DIRECTIONS —
Reproduce only what runs from the line containing "2025年12月12日,浙江卫视正式官宣了2026跨年晚会的嘉宾阵容。" to the line containing "- 运动员在陵水香水湾冲浪。(记者刘孙谋 摄)" in the records below, inclusive. Keep it exact, and keep the pictures out.

Records from a data source:
>>>
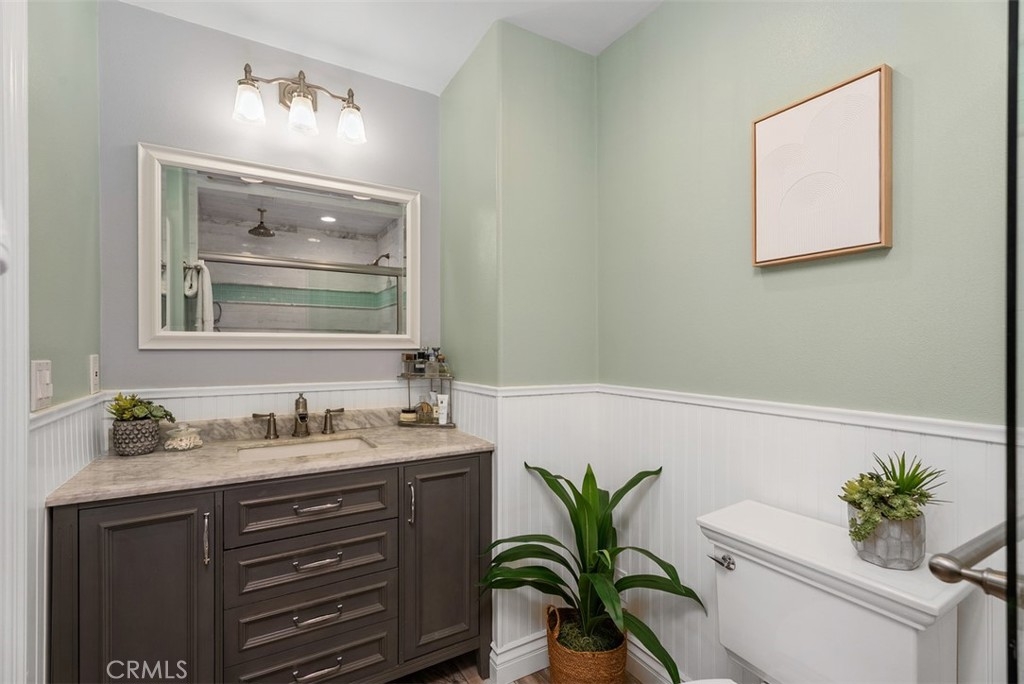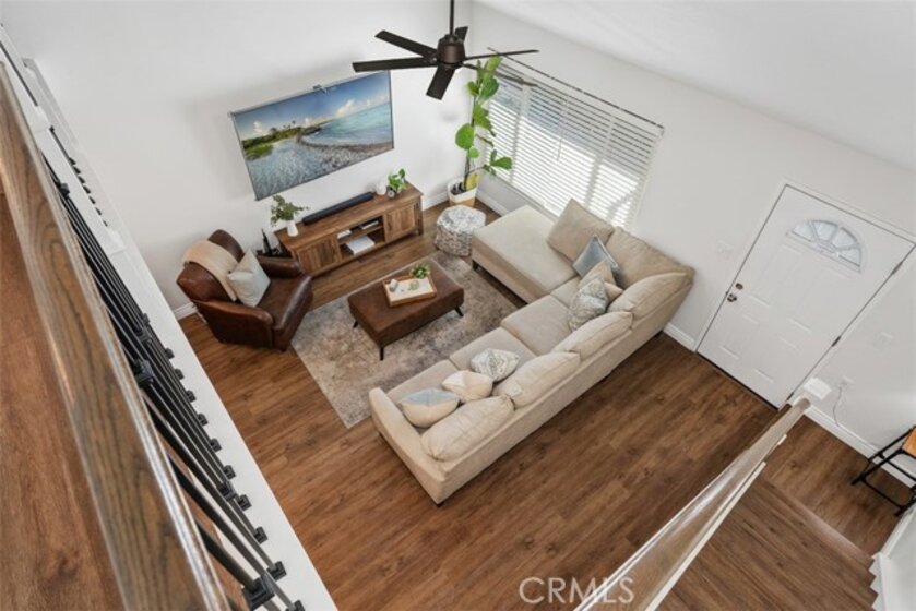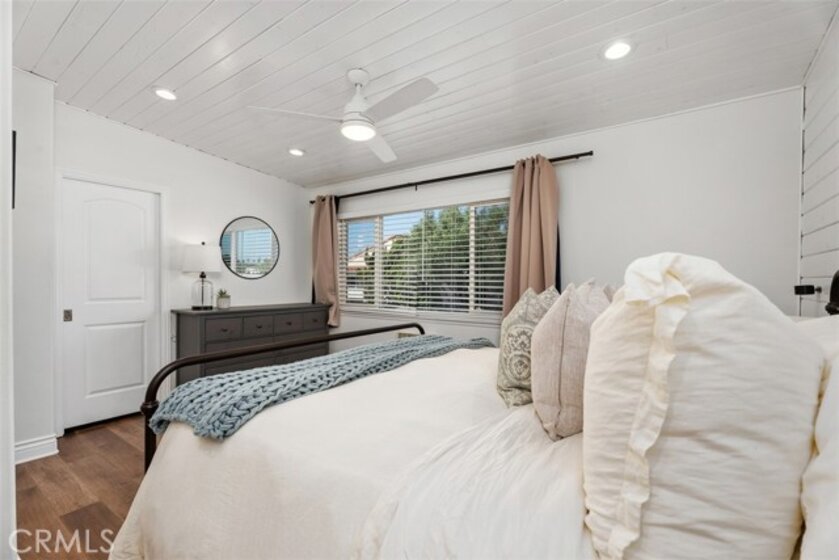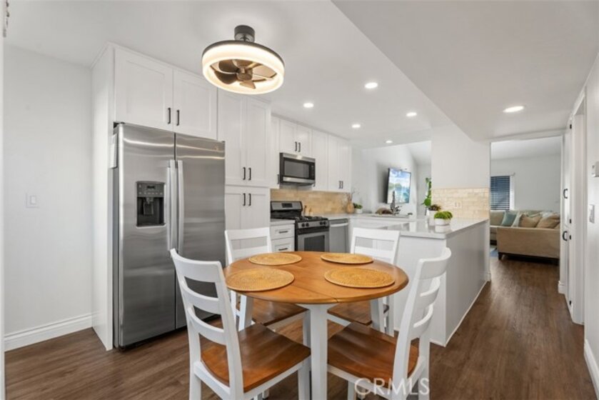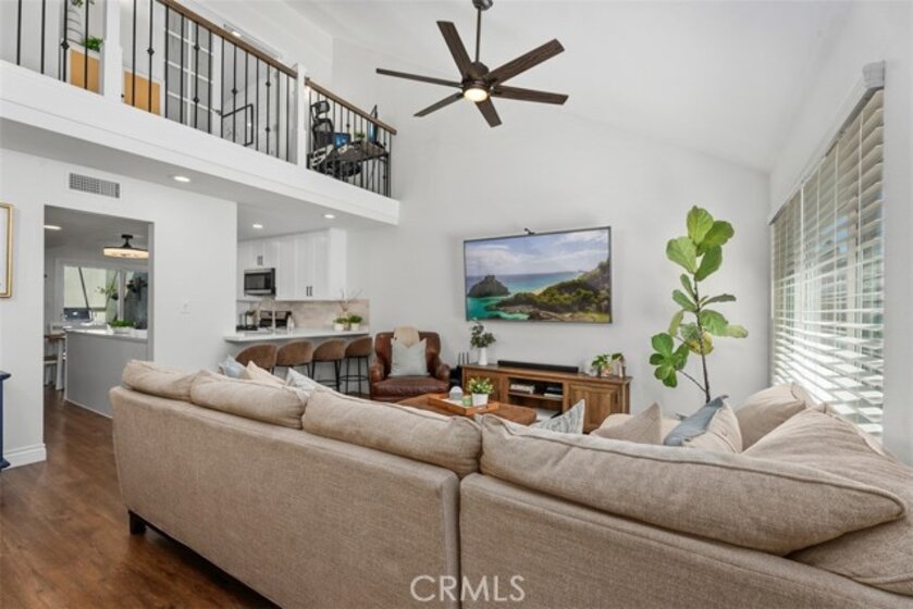 Welcome to a beautifully renovated 2-bedroom, 2-bath home in the desirable Monticello community of Costa Mesa, ideally located at the back of the community offering added privacy and quiet. Recently updated with over $30,000 in improvements, it boasts a fully remodeled and expanded kitchen completed in September 2025 featuring quartz countertops, white soft-close shaker style cabinetry, stainless steel appliances, farm house sink. The kitchen walls have been opened up for a more modern lifestyle including bar seating for four which enhances the flow between the kitchen and living space. The popular layout provides a large main floor bedroom and an upstairs primary suite with an added large walk-in closet and tastefully remodeled bathroom. Additional upgrades include luxury vinyl plank flooring throughout, recessed lighting, ceiling fans, upgraded staircase and railing, dual-pane windows, upgraded electrical outlets and recessed lighting. The primary suite boasts beadboard accent walls and ceiling, built-in AC wall unit, and an upgraded bathroom which includes an oversized shower with subway tile surrounds, dual shower heads, clear glass enclosure, and upgraded vanity. Just outside the french doors of the bedroom is a convenient nook - great for desk space and work from home lifestyle. The main floor bathroom provides a tub/shower combo, large vanity and is adjoining to the dual closets servicing the main floor bedroom. Enjoy a private tiled courtyard, perfect for BBQs and entertaining, plus a charming front yard with new sod and a mature lemon tree. The garage features epoxy flooring, built-in cabinetry, overhead storage, and a LiftMaster MyQ smart garage motor and designated laundry area. Added bonus - the garage opens to an interior street and not other garages allowing for easy access.Take advantage of this rare opportunity to own a move-in ready home in Monticello Community. Homeowners enjoy the community pool and clubhouse, as well as discounted pricing to OC Fair Grounds for all residents and short distance to the local dog park, conveniently located near freeways including the 405, 73 and 55, and beaches in Newport Beach, world renowned shopping and more! Live close to it all!
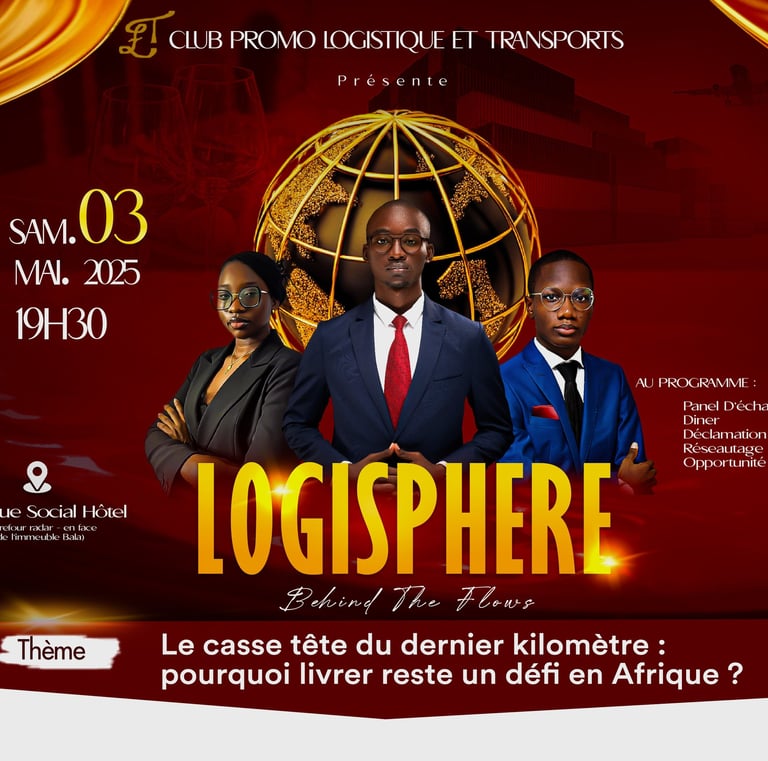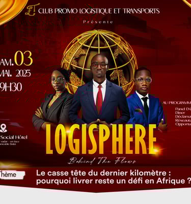 La sphère stylisée évoque la terre, symbole d’ouverture internationale, tandis que les courbes dynamiques traduisent le mouvement, la croissance et la fluidité des échanges, essentiels dans le domaine du transit et de la logistique.
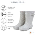 Half Height Grey Spotted Wellies - Wide Foot and Ankle
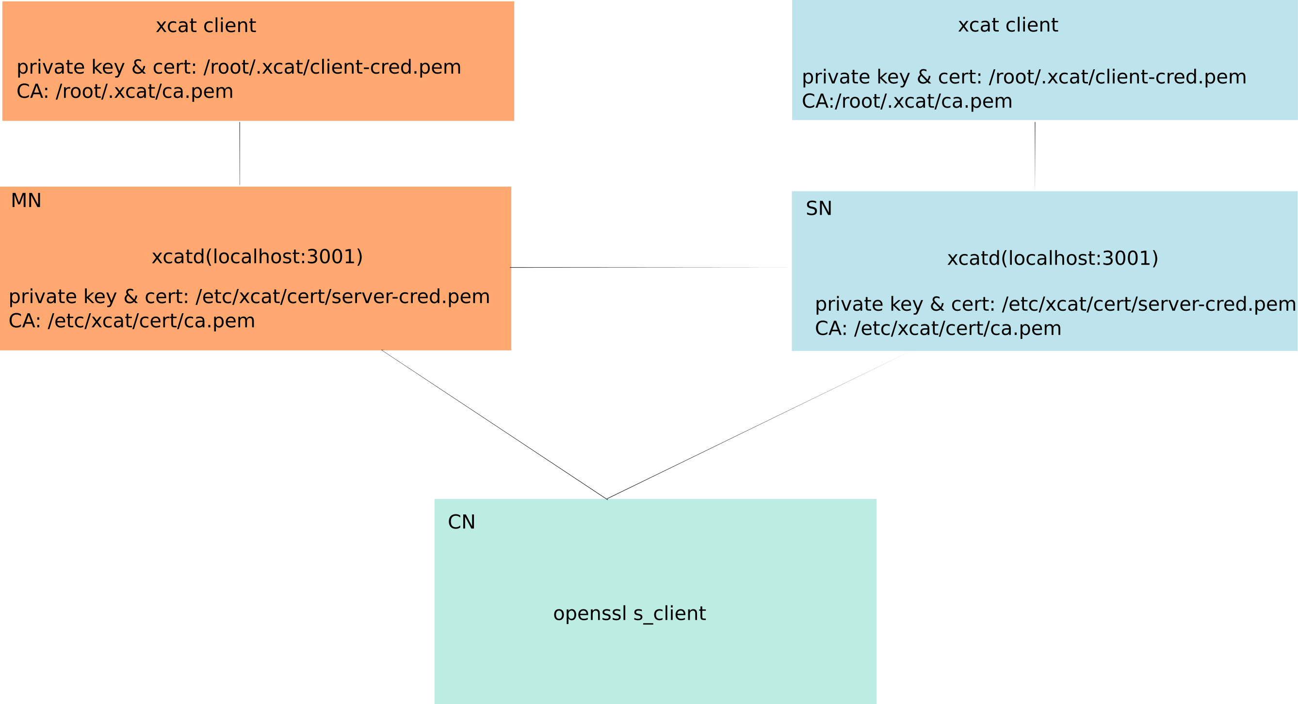 command)===> /install/postscripts/_xcat/ca.pem (MN) ===(node provision/updatenode)==> /xcatpost/_xcat/ca.pem (SN and CN) ==(run “servicenode” postscript)==> /root/.xcat/ca.pem (SN)xCAT server credential(server-cred.pem):
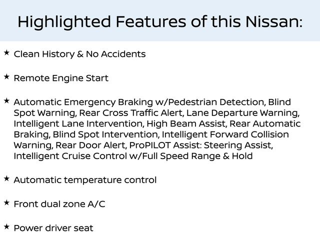 Clean History & No Accidents, Remote Engine Start, Automatic Emergency Braking w/Pedestrian Detection, Blind Spot Warning, Rear Cross Traffic Alert, Lane Departure Warning, Intelligent Lane Intervention, High Beam Assist, Rear Automatic Braking, Blind Spot Intervention, Intelligent Forward Collision Warning, Rear Door Alert, ProPILOT Assist: Steering Assist, Intelligent Cruise Control w/Full Speed Range & Hold, AWD, Alloy wheels, Automatic temperature control, Black Splash Guards (Set of 4), Chrome Rear Bumper Protector, Front dual zone A/C, Fully Automatic Headlights, NissanConnect featuring Apple CarPlay and Android Auto, Power driver seat, Remote Keyless Entry.Included with our Pre-Owned Promise you will receive: * 12 Months or 12k mile Wearable Item Coverage * 6 Months or 6k mile Major Item Coverage * 30 Day Exchanges * 12 Months of Roadside Assistance and much more!! Click her for complete details http://www.hoselton.com/about-us/hoselton-preowned-promise/Please call us @ (585) 662-2670 with any questions and to check availability.
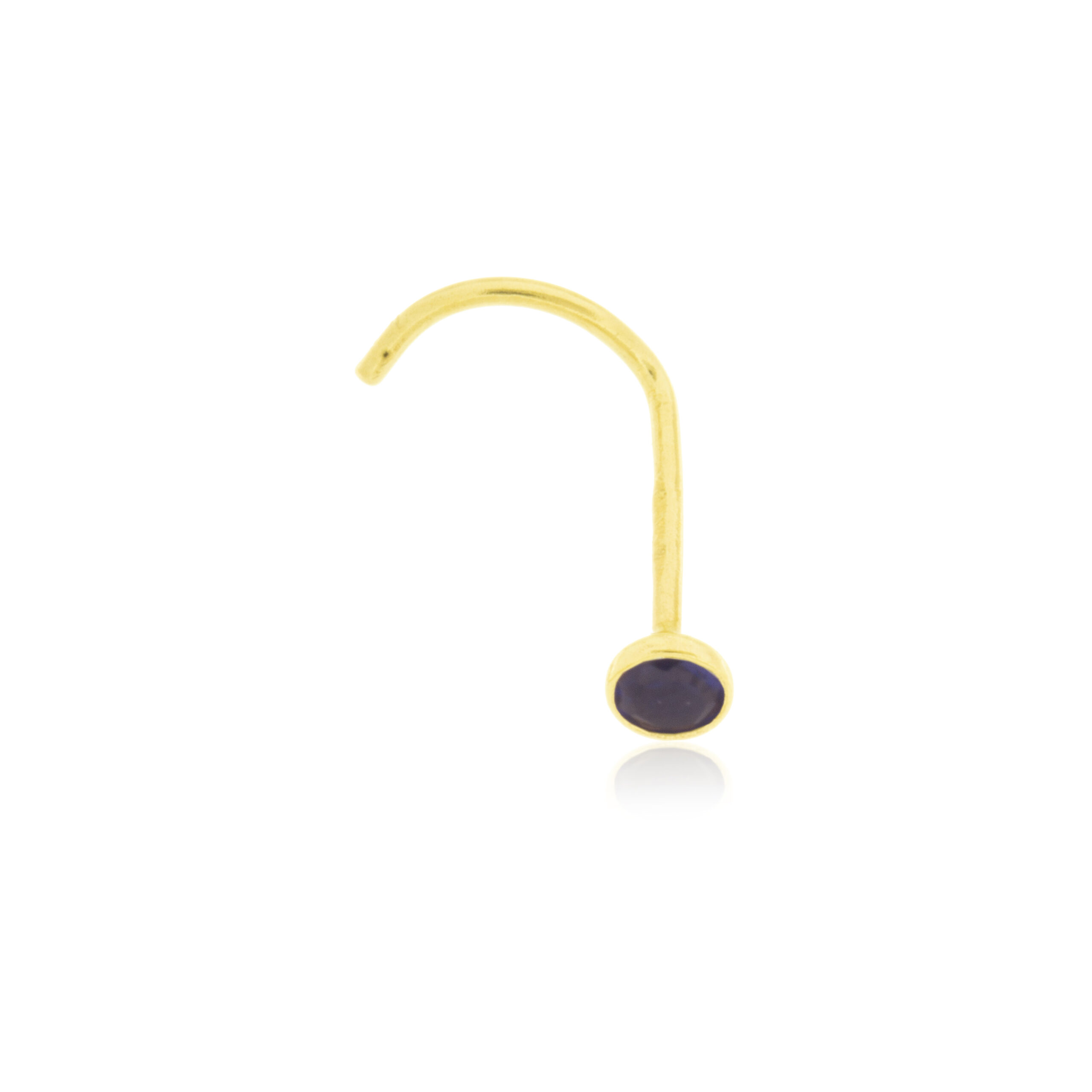 Piercing de nariz en oro 18 kilates para mujer. Un piercing compuesto por circonita azul redonda de 2 mm. Expresa tu personalidad con este colorido complemento en tono azul.
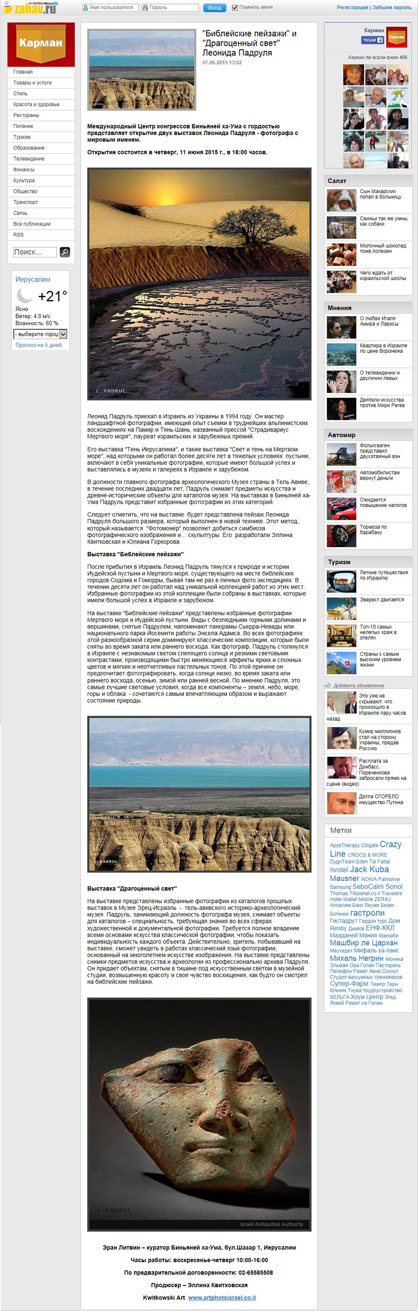 בנייני האומה גאה להציג: שתי תערוכות של הצלם לאוניד פדרול התערוכות:"אור יקרות" ו"נופים מקראיים" בתאריכים 11/06/2015 – 01/12/2015 כתובת - בנייני האומה, שדרות שז"ר 1, ירושלים שעות פתיחה בימים א'-ה' בין השעות 10:00-16:00 בתיאום מראש: 02-6558508 מרכז הקונגרסים הבינ"ל - בנייני האומה
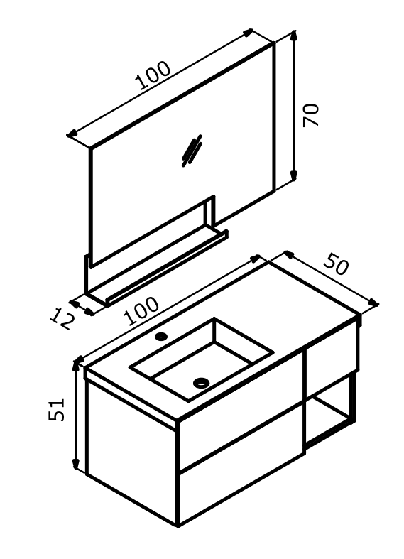 Üst Modül Tipi: Etajerli Ayna Led Aydınlatmalı
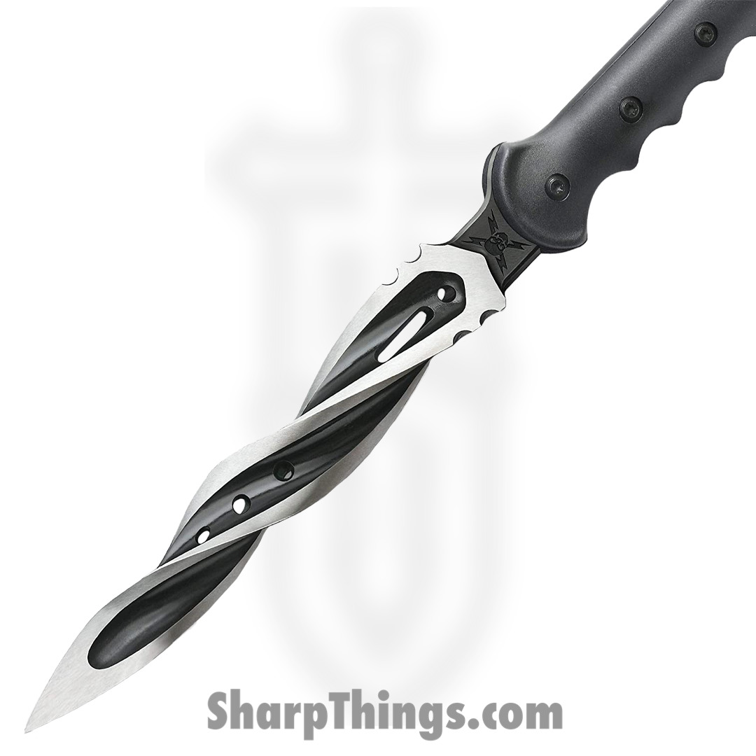 48.88″ overall. 9″ two-tone finish 2Cr13 stainless blade. Black glass filled nylon handle. Three spiraling cutting edges, coming down to an incredibly sharp piercing point. Includes custom sheath. Boxed.
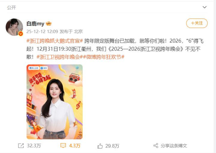 2025年12月12日,浙江卫视正式官宣了2026跨年晚会的嘉宾阵容。
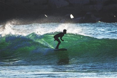 - 运动员在陵水香水湾冲浪。(记者刘孙谋 摄)
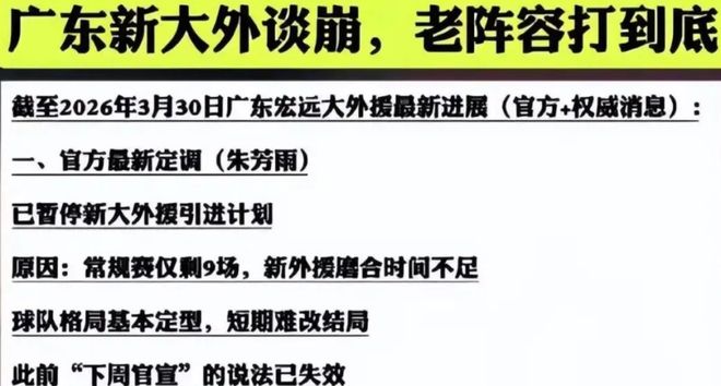 广东男篮本赛季高开低走,虽然说目前还排在联盟第三名的位置上面,但是整体的实力和状态可以看出来是比较差的,对抗强队的时候自身内线的弱点就会被无限的放大,此前对阵上海和北京队的比赛时就非常的明显,此前朱芳雨一直都是说着广东男篮将会迎来新的大外援,但是据相关媒体报道,广东男篮的大外援被长三角地区的球队截胡了,目前对于广东队来说没有心仪的大外援人选,这也是非常糟糕的一件事,目前焦泊乔离队,大外援也不到位,这对于广东队来说真的是双重打击,常规赛还有9轮大外援还没敲定的话对于后续磨合难度非常大,所以大概率本赛季广东队不会有大外援的到来了!
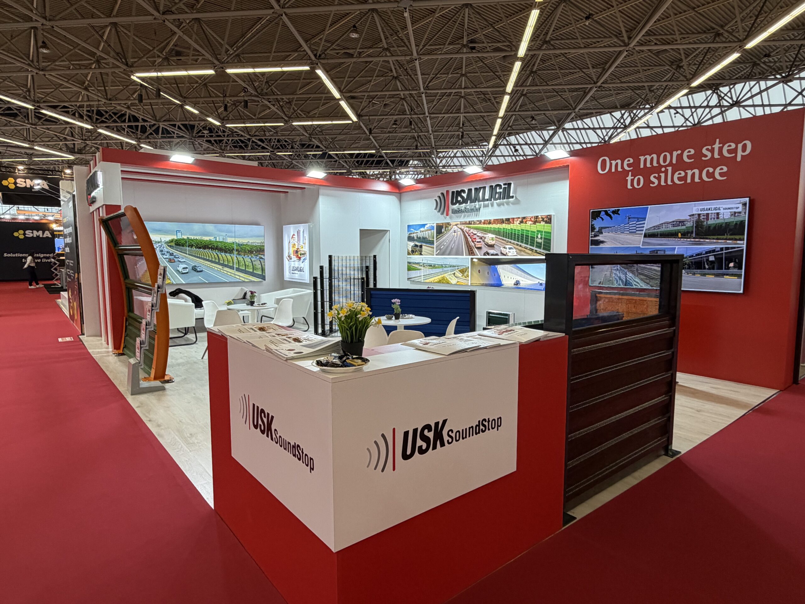 Fuar boyunca USK Gürültü Bariyeri Sistemlerimiz, üç temel güçlü yönüyle yoğun ilgi gördü: çift EPDM conta teknolojisiyle sıfır sızıntılı akustik performans, EN 1793 ve EN 1794 standartlarına tam uyum ve hafif, deniz suyuna dayanıklı, %100 geri dönüştürülebilir alüminyum kaset yapısıyla sürdürülebilir dayanıklılık. Bu özellikler, sistemlerimizi zorlu kamu ve özel sektör altyapı projeleri için güvenilir bir çözüm haline getirmektedir.
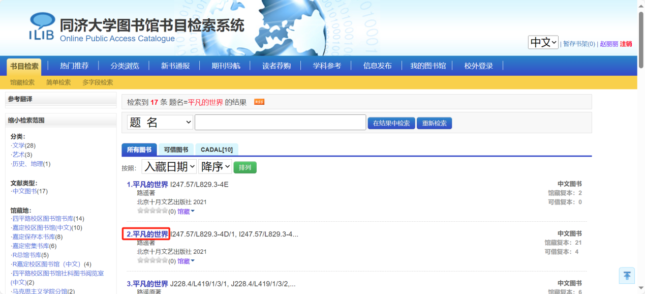 同济大学图书馆 同济大学图书馆服务 2.选择“馆藏书刊查询”或“图书查询”查到图书信息后,点击书名进入详细信息页面;
<<<
SOLUTION FOR THIS TASK —
 2025年12月12日,浙江卫视正式官宣了2026跨年晚会的嘉宾阵容。
 - 运动员在陵水香水湾冲浪。(记者刘孙谋 摄)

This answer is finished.